§ **Your objective**
Everything in the listing below must be set down again exactly, apart from the pictures.

§ **Records for this task**

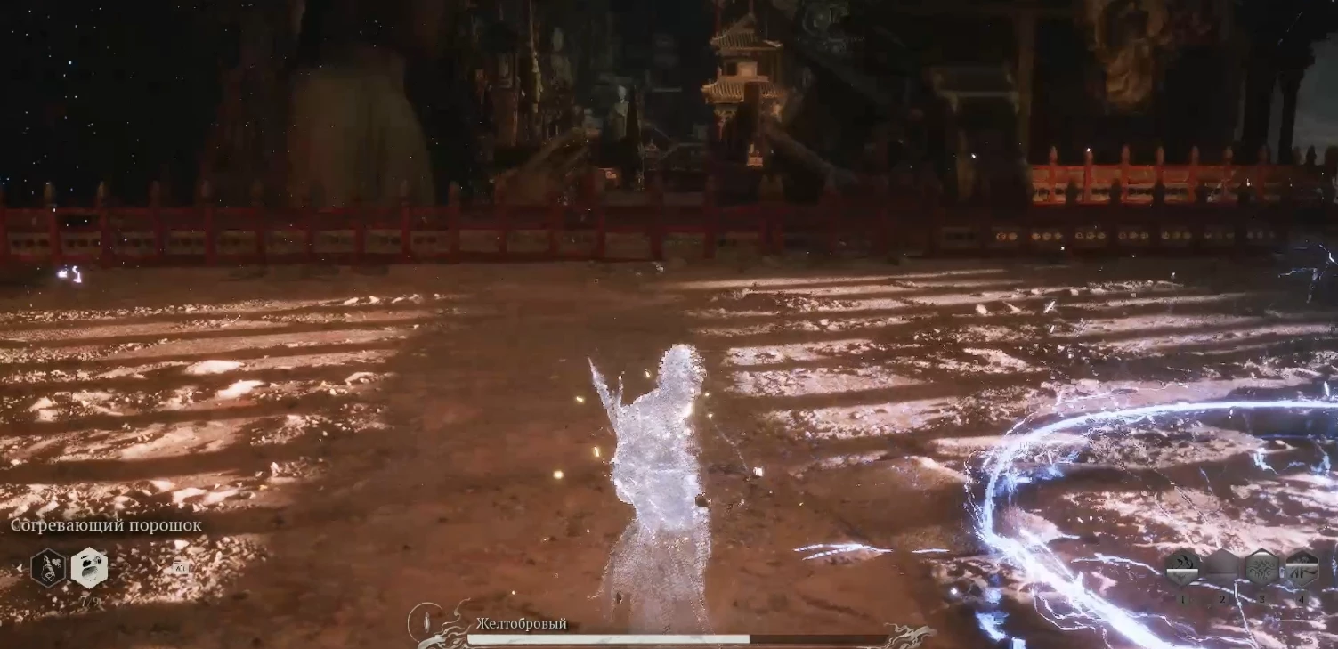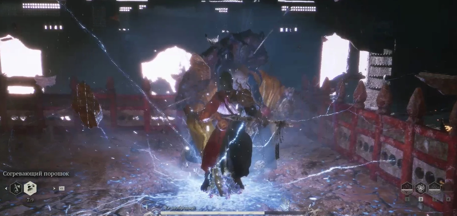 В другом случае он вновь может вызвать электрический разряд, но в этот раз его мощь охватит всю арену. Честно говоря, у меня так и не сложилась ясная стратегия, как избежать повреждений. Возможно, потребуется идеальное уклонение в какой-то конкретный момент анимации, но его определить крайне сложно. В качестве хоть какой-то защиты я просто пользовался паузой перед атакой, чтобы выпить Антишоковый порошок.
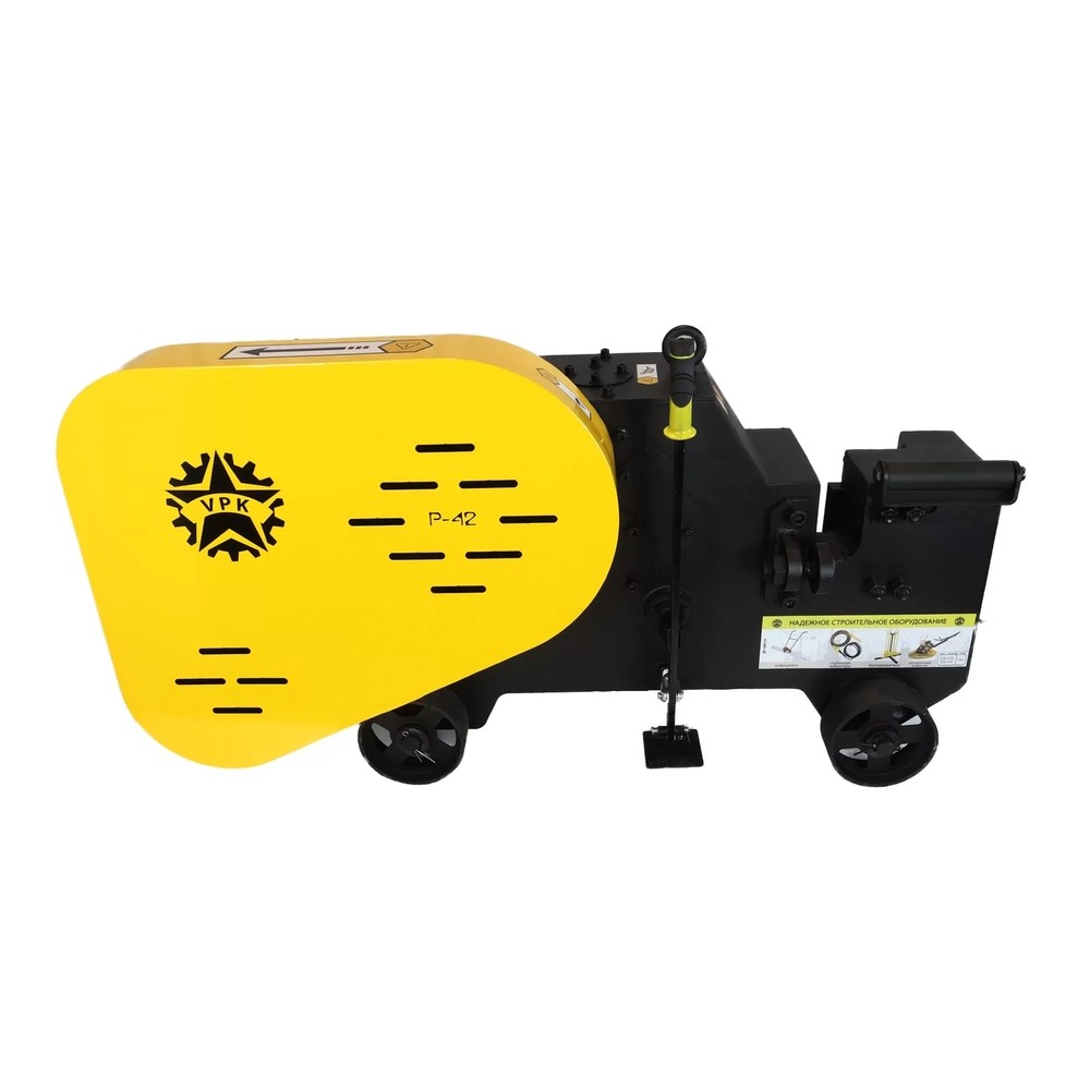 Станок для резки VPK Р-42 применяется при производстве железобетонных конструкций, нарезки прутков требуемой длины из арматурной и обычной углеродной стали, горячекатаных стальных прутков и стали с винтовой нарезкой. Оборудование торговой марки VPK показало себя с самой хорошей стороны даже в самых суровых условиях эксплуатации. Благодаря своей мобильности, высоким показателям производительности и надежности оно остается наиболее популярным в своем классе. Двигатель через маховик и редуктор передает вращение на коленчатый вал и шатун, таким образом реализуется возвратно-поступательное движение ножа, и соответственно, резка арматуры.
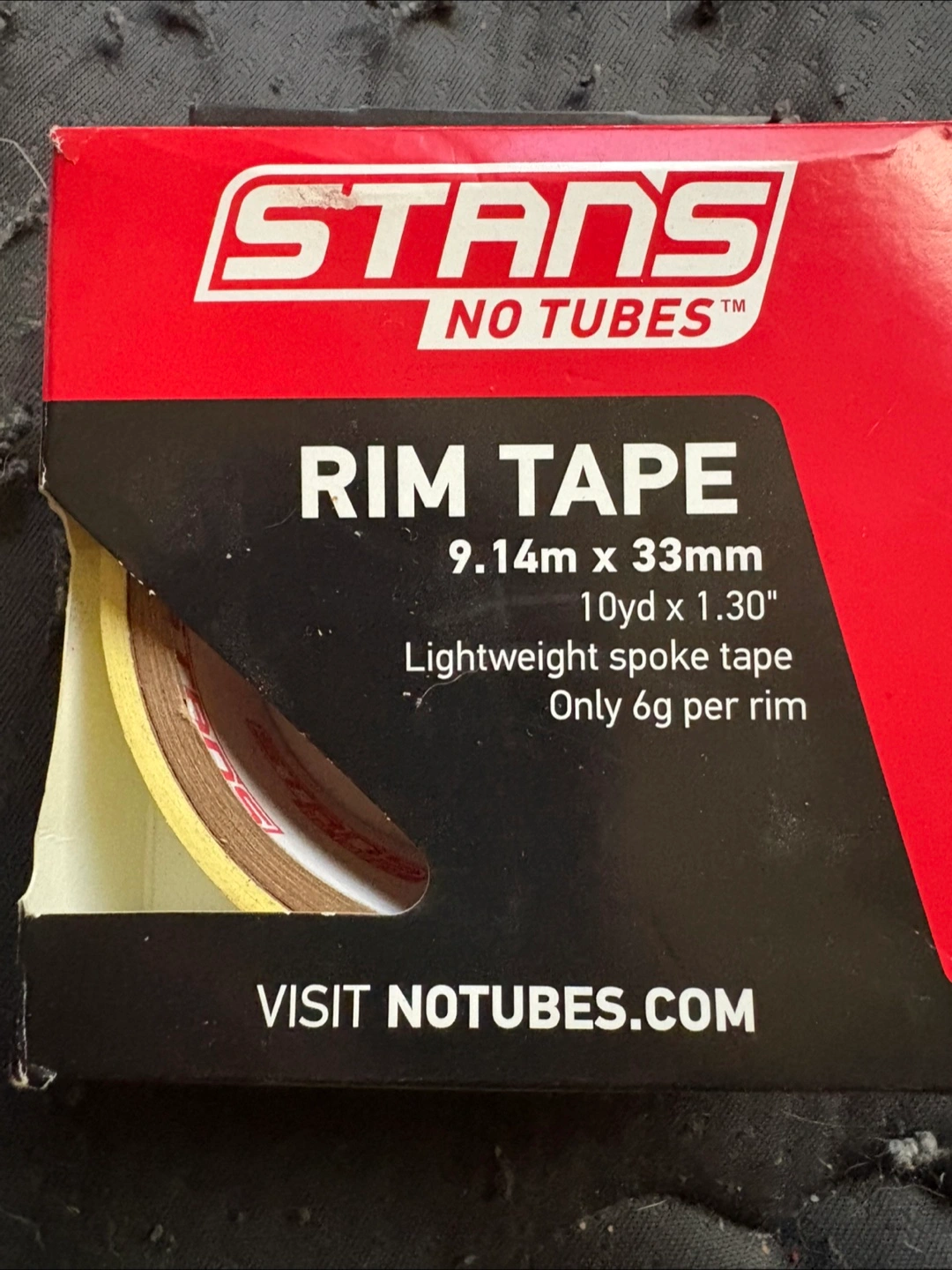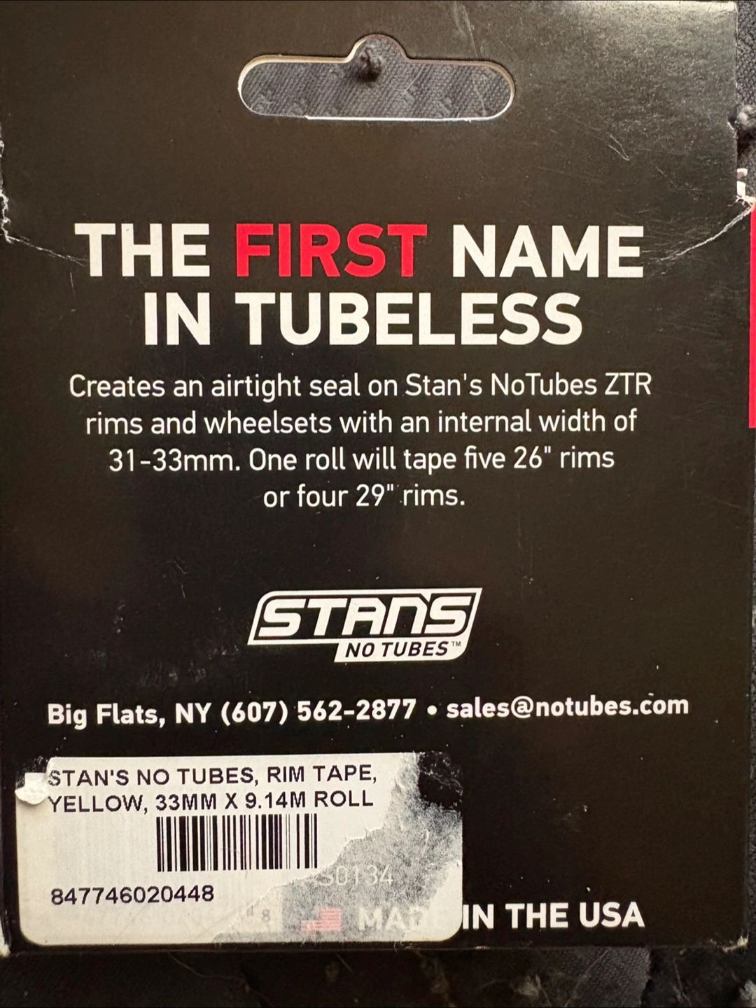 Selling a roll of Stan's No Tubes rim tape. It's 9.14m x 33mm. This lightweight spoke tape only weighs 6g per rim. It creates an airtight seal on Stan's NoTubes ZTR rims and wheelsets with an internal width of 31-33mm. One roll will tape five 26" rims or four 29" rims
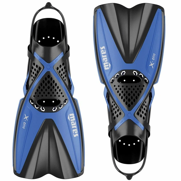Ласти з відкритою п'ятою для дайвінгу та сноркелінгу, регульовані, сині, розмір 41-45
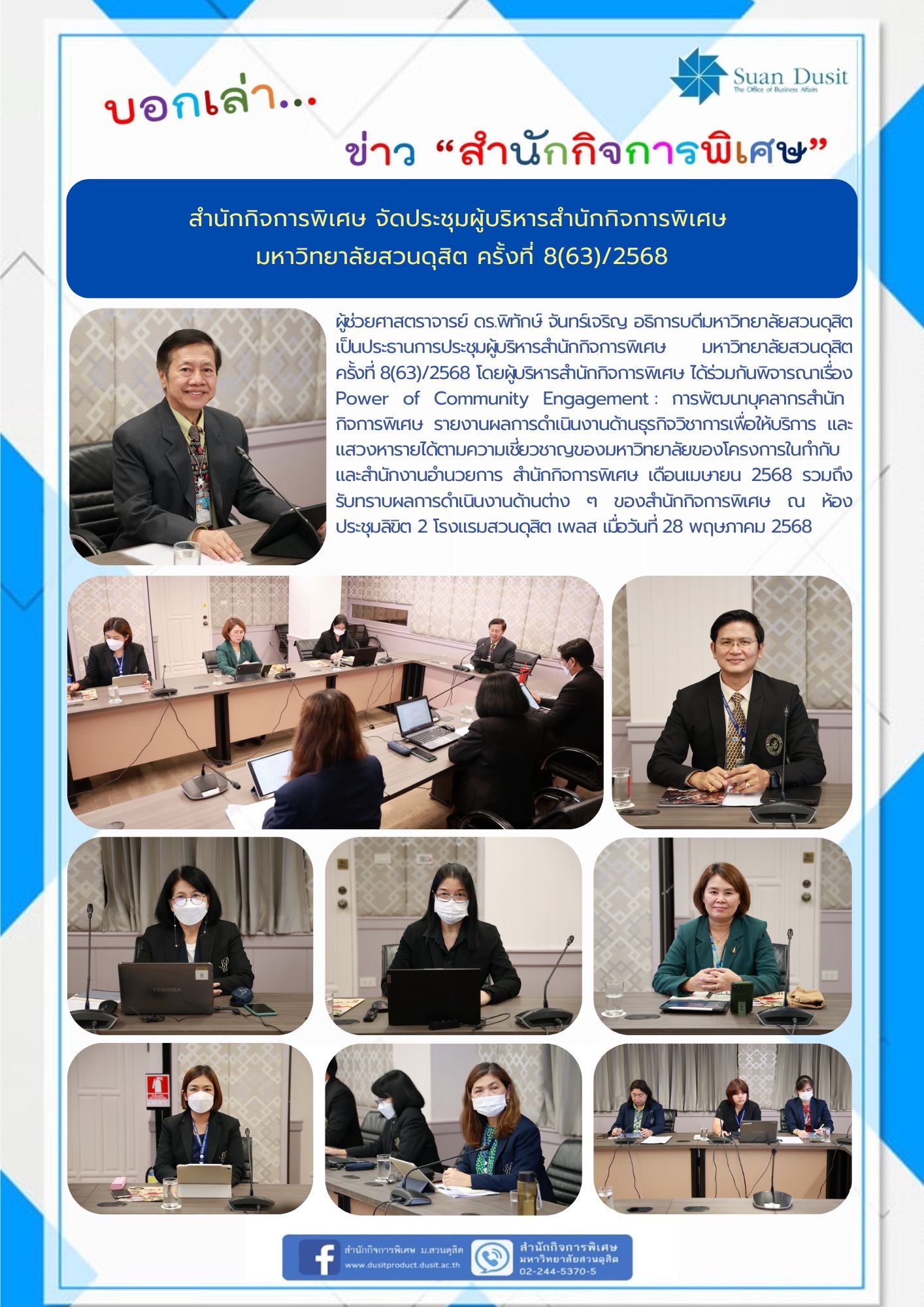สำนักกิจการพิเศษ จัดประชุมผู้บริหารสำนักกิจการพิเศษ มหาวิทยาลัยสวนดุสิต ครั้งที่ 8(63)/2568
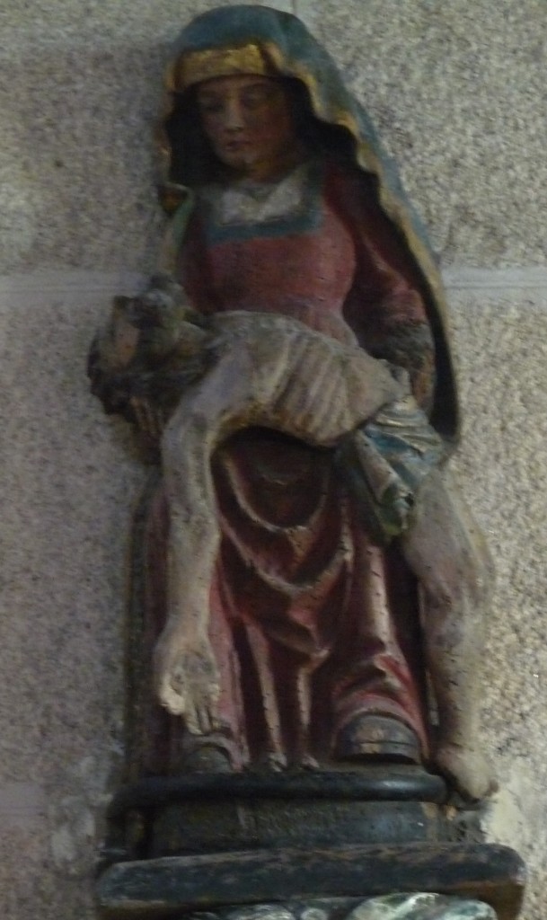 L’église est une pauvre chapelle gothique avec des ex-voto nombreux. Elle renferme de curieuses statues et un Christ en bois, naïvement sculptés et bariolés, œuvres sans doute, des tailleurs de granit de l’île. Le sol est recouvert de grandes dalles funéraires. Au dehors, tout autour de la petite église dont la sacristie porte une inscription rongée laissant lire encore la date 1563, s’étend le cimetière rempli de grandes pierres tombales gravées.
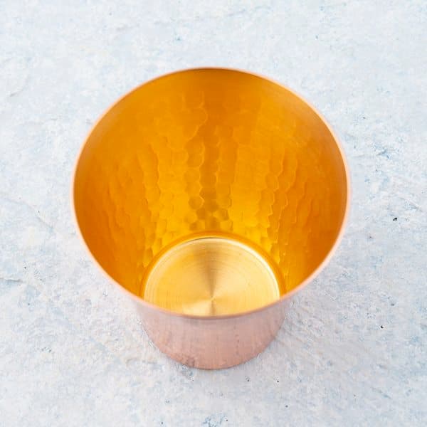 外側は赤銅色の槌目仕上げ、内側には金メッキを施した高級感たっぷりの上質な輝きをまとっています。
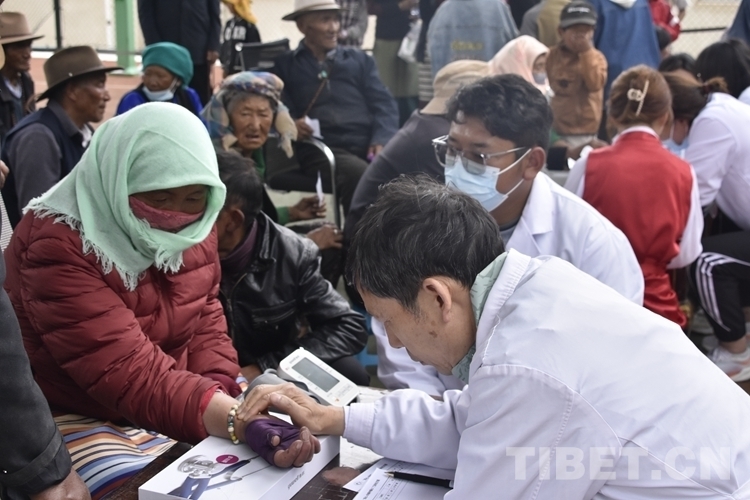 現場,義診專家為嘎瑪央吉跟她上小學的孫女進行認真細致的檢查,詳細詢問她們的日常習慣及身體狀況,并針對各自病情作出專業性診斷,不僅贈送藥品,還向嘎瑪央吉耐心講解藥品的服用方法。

§ **Finished task**
 В другом случае он вновь может вызвать электрический разряд, но в этот раз его мощь охватит всю арену. Честно говоря, у меня так и не сложилась ясная стратегия, как избежать повреждений. Возможно, потребуется идеальное уклонение в какой-то конкретный момент анимации, но его определить крайне сложно. В качестве хоть какой-то защиты я просто пользовался паузой перед атакой, чтобы выпить Антишоковый порошок.
 Станок для резки VPK Р-42 применяется при производстве железобетонных конструкций, нарезки прутков требуемой длины из арматурной и обычной углеродной стали, горячекатаных стальных прутков и стали с винтовой нарезкой. Оборудование торговой марки VPK показало себя с самой хорошей стороны даже в самых суровых условиях эксплуатации. Благодаря своей мобильности, высоким показателям производительности и надежности оно остается наиболее популярным в своем классе. Двигатель через маховик и редуктор передает вращение на коленчатый вал и шатун, таким образом реализуется возвратно-поступательное движение ножа, и соответственно, резка арматуры.
 Selling a roll of Stan's No Tubes rim tape. It's 9.14m x 33mm. This lightweight spoke tape only weighs 6g per rim. It creates an airtight seal on Stan's NoTubes ZTR rims and wheelsets with an internal width of 31-33mm. One roll will tape five 26" rims or four 29" rims
Ласти з відкритою п'ятою для дайвінгу та сноркелінгу, регульовані, сині, розмір 41-45
สำนักกิจการพิเศษ จัดประชุมผู้บริหารสำนักกิจการพิเศษ มหาวิทยาลัยสวนดุสิต ครั้งที่ 8(63)/2568
 L’église est une pauvre chapelle gothique avec des ex-voto nombreux. Elle renferme de curieuses statues et un Christ en bois, naïvement sculptés et bariolés, œuvres sans doute, des tailleurs de granit de l’île. Le sol est recouvert de grandes dalles funéraires. Au dehors, tout autour de la petite église dont la sacristie porte une inscription rongée laissant lire encore la date 1563, s’étend le cimetière rempli de grandes pierres tombales gravées.
 外側は赤銅色の槌目仕上げ、内側には金メッキを施した高級感たっぷりの上質な輝きをまとっています。
 現場,義診專家為嘎瑪央吉跟她上小學的孫女進行認真細致的檢查,詳細詢問她們的日常習慣及身體狀況,并針對各自病情作出專業性診斷,不僅贈送藥品,還向嘎瑪央吉耐心講解藥品的服用方法。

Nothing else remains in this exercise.